L’an dernier, seulement 8 % des meurtres de citoyens palestiniens ont conduit à des inculpations, contre 55 % dans les communautés juives, selon Abraham Initiatives. « Ces dernières années, les Palestiniens, frustrés et déprimés, demandent désormais ‘faites ce qu’il faut, même si cela signifie plus de police dans nos villes’ », explique Lama Yassin, directrice de l’ONG.

Les meurtres sont devenus un cri de ralliement pour les partis politiques palestiniens, dénonçant l’application sélective de la loi et l’apathie policière. « Nous en parlons depuis 10 ans », affirme la députée Aida Touma-Suleiman. « La police dans nos communautés est une punition collective. Quand des Juifs sont victimes, la police déploie massivement ses forces. Quand ce sont des Palestiniens, elle laisse faire. »

Un sentiment d’impunité

De nombreuses communautés estiment que l’impunité s’est aggravée sous le ministre de la Sécurité nationale Itamar Ben-Gvir, malgré des campagnes visibles contre d’autres crimes. La police israélienne rejette ces accusations, affirmant que les meurtres dans ces communautés restent une priorité, mais soulignent les difficultés d’enquêtes faute de coopération des témoins.

La douleur d’une famille et l’appel au changement

Ashraf Safiya, père de Nabil, refuse que la mort de son fils soit une statistique de plus. Il raconte la scène : Nabil, blessé, est transporté à l’hôpital, où il est déclaré mort « Le sang de ce garçon ne doit pas être gaspillé », dit Safiya, expliquant la mobilisation des habitants et les manifestations.

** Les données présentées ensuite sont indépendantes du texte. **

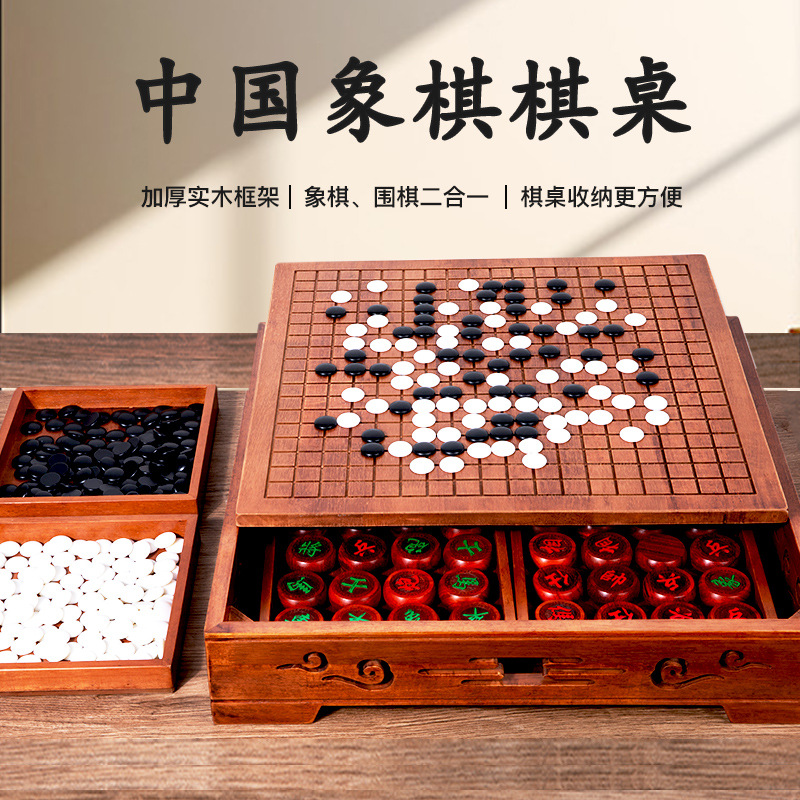 高級実木二合一盤棋脚紅木中国将棋囲碁五子棋雲子児童成人プレゼント
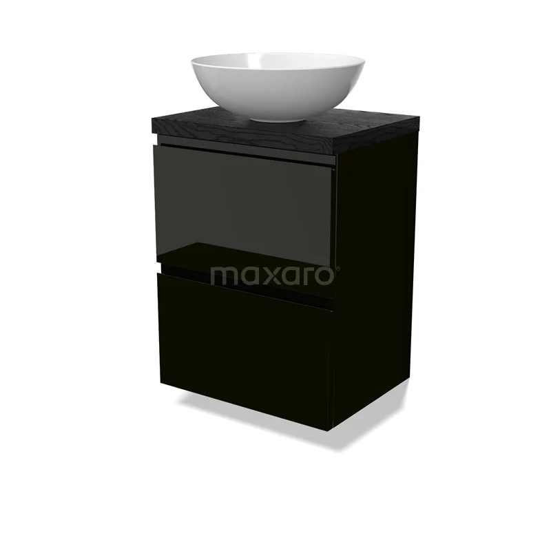 Modulo Plato Slim Badmöbel mit Aufsatzwaschbecken | 50 cm Hochglanz Schwarz Grifflos front Schwarze Eiche blatt 2 übereinanderliegende Schubladen
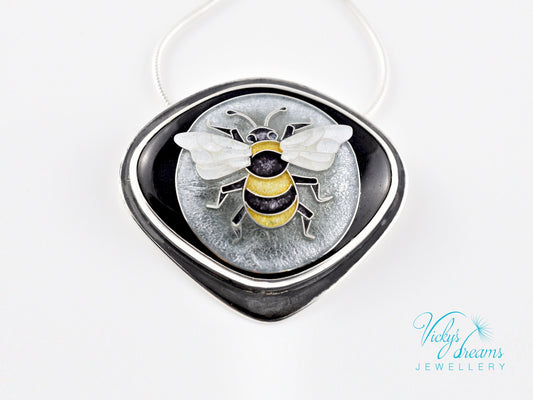 Honeybee Cloisonne Enamel Pendant Silver Necklace Sterling Jewelry Handmade Unique
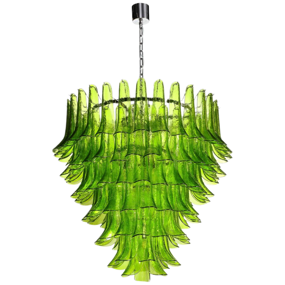 LUSTRE EM VIDRO MURANO VERDE COM PEÇAS SOBREPOSTAS E FEITO DE DES LUMB RANTES Q UE PENAS. CRIAM É UM UMA IMPRESSIONAN
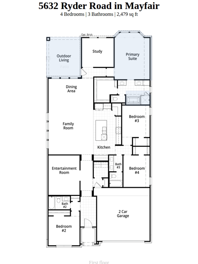 Beautifully designed one-story home with four bedrooms and four bathrooms. The open living area is very spacious and ready for entertaining or just feeling cozy and content. This home offers a study and an entertainment room which can be used in multiple ways. There is a luxury primary suite extension, which gives ample room for sitting and drinking coffee or tea or just a little reading. A freestanding tub in the primary bathroom with double vanities, and there is more....extended outdoor living and stone accent in the front. You will love this plan!

Les autorités ont annoncé préparer une inculpation contre un suspect de 23 ans, arrêté dans une ville voisine. Nabil aurait été victime d’une querelle de sang au sein de la société arabe.

Lors d’une manifestation fin janvier à Kafr Yasif, des portraits de Nabil et d’un autre jeune tué ont été portés. La police a dispersé la foule et arrêté ses dirigeants, dont l’ancien président du conseil municipal. Les habitants estiment que cette démonstration de force a calmé une manifestation, mais n’a rien fait pour stopper les meurtres.